***
«…Ибо каждому из вас не следует
им верить; лицемерны и сластолюбивы, и идут на всякие
ухищрения…
Случилось, что Аполлон полюбил
прекрасную дочь царя Флегия. Велика была его любовь; много времени
провели они в радостях и неге. Но девица отличалась коварством, как
все женщины, и втайне от божественного супруга спозналась со
смертным. И, хоть был он сыном земного владыки, имя его немногие
вспомнят, ибо славился лишь красотой да глупой удалью.
Узнав о столь подлом
предательстве, разгневанный Аполлон убил соперника. Затем отыскал
неверную возлюбленную и поразил стрелой; ребенка же своего,
которого она носила, взял у нее…»
– Что-то подобное я уже читала…
Помнишь? «Не было краше во всей Гемонийской стране Корониды… Любил
ее ты, Дельфиец, покамест чистой была, иль верней, незамеченной…».
Может, прервемся ненадолго, сестра? Я устала.
С этими словами Анастази аккуратно
вложила между страниц закладку – ленту алой парчи, нашитую на кусок
толстой кожи, – и закрыла лежавшую на поставце книгу.

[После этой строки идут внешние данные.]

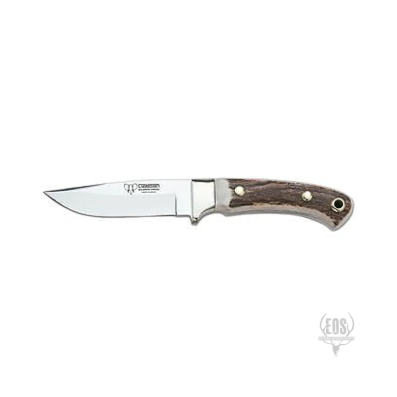 Cudeman Skinner 10cm Clip Point Blade, Polished Deer Antler Handle, Gold Tang / Leather Sheath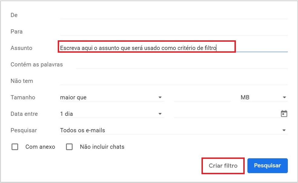 10. Clique em "Criar filtro" para finalizar a configuração;

– Как тебе будет угодно, моя
королева.
– Мне кажется, ты довольна
этим?..
– Нисколько, я люблю слушать тебя.
Когда ты увлечена, слова льются легко, точно песня. Но, по правде
говоря, с некоторых пор мне не кажутся привлекательными подобные
истории, – герцогиня Евгения Рюттель, сидевшая за небольшим
столиком агатового стекла, отложила рукоделие и посмотрела на
старшую сестру.
– Да, ты права, Евгения. Я поступила
опрометчиво. Нужно найти что-нибудь менее напыщенное и
нравоучительное.
Королева поднялась и подошла к
окну.
– Какие короткие дни! За годы,
проведенные в Вальденбурге, я так и не привыкла к этой ранней тьме.
Не представляю, каково путнику, если непогода и ночь застигнут его
на пустынной равнине, где нет ни жилья, ни постоялых дворов…
Зима в этом году и вправду выдалась
суровой, но замок Вальденбург встречал холодную ночь бесстрашно,
как истинный воин. Башня, сложенная из грубо отесанного темного
камня, грозно возвышалась над жилыми и хозяйственными постройками,
полукруглым внутренним двором и укреплениями, а дальше черным
частоколом стояли леса, равно опасные в любое время года –
излюбленные охотничьи угодья великого короля и отличное препятствие
для любого неприятеля на случай войны.
Сквозь толстое стекло окна мало что
можно было разглядеть, но все же, если королева пожелала бы
прижаться к нему лбом, то увидела бы, что алый с багрянцем зимний
закат неспешно угасает, оседая на заснеженных, покатых крышах
сторожевых башен. Еще недавно пелена снежной бури скрывала даже
крепостную стену, а сейчас небо очистилось, темные облака
сгрудились у самого горизонта, словно отступающая армия, обращенная
в бегство стужей.
И пусть за стенами мороз сковывал
деревья до треска, здесь, в небольшой комнате на третьем этаже
башни было тепло, пылал огонь в камине, от кубков с подогретым
вином исходил запах яблок, мускатного ореха и имбиря. Приближался
день зимнего солнцестояния, а за ним – Рождество, время надежды и
чудес, столь любимое обеими сестрами.
Они отпустили фрейлин и служанок,
желая побыть вдвоем, так же, как в пору юности, в замке отца, за
рукоделием и неторопливой беседой проводили долгие, безмятежные
вечера.
Герцогиня Рюттель ожидала, когда
королева вновь заговорит, однако сегодня Анастази была молчалива,
словно что-то угнетало ее.
– Ты о чем-то хочешь мне рассказать,
моя королева? Тебя что-то печалит? Если это из-за меня, то, прошу,
Ази, не нужно…
– Не называй меня королевой, я не
люблю, когда ты обращаешься ко мне так… церемонно, – рассмеялась
Анастази, отошла от окна и встала позади Евгении, через ее плечо
рассматривая вышивку. – Нет, я надеюсь, что довольно быстро заслужу
твое прощение, несмотря на неудачный выбор книги для вечернего
чтения.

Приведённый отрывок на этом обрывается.